Working at the top end of Australia, Dr Pickstone made an almost constant companion of her portable Vscan Extend, using it in a range of medical situations, including in the back of a helicopter and during CPR.
She said, “Despite its small size – smaller than my current phone – the screen is excellent and easy to get a good ultrasound image in a variety of situations. The lung protocol with pre-labelled images is probably my favourite tool so far. It guides the user through with ease.”
This year’s scholarship recipient, Prunster says that attending the UTS course, and the subsequent mentoring by Zedu experts, have boosted her ultrasound practice. She has embedded a couple of new, helpful steps — “scanning through to check the iliac veins that supply the pelvic region, and locating the ovaries” — into her ultrasound routine, and is now able to carry out emergency abdominal scanning if required.

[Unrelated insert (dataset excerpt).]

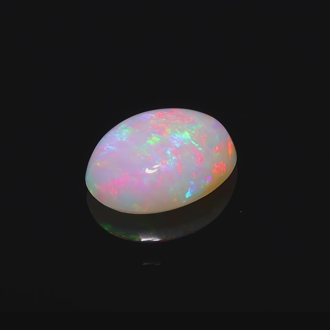 This stunning 1.67-carat opal from the Andamooka region in Australia is a brilliant display of nature's artistry. With its rounded cabochon shape and smooth finish, the opal showcases a vivid rainbow play-of-color, featuring fiery flashes of red, green, orange, and blue.

Exposure to a wide range of ultrasound equipment during the course also gave Prunster a new love interest — after test driving a number of systems, she says, “I fell in love with the GE Healthcare Venue.” The in-clinic companion to handheld roving ultrasound systems, “It’s fantastic,” says Prunster, “because it’s touchscreen and has very fast response and the screen is so big that you get a lovely picture…”
Showing pregnant mums an ultrasound image of their developing baby helps them establish a connection and motivates them to make healthy living decisions as they prepare for birth, says Prunster. She has great empathy with Indigenous women who commonly lead peripatetic lifestyles, travelling around the region to attend cultural events, which are sadly often funerals, and who may also frequently move homes to avoid overcrowded living conditions.
“One of the great things about my work,” says Prunster, “is that I’ve been able to stay for so long and get to know all the ladies. I’ve had the privilege of providing care to multiple sisters from the same family and occasionally seeing women antenatally and post-partum sequentially through their first to their fourth pregnancy. It’s always very interesting and enjoyable work. Every one of these ladies could write a book — they have incredible stories.”
Prunster well understands the power of storytelling, having followed in her mother Dasee’s footsteps on the basis of her stories as a nurse and midwife with the Royal Flying Doctor Service (RFDS) in the 1960s, and realising how much difference advances in healthcare can make if they can be delivered in Indigenous communities.
A Queenslander by birth, Dasee started nursing at 16 years old, and trained in Roma and Dalby before arriving in the West as a young relief nurse for the Emergency Service of the RFDS. Within a year she was married to Michael Gugeri, a young man with his own trucking business, and made her home in Derby.
Prunster is proud of her long connection to the region. “There’s trust here, and rapport and continuity,” she says. “People get to know you, so they come in and say hello when they think they’re pregnant, or come in to talk if they want to get pregnant.”
Now at the end of her scholarship, Prunster plans to, “work on my skills with a determined passion to supply the best possible antenatal care to the most vulnerable.”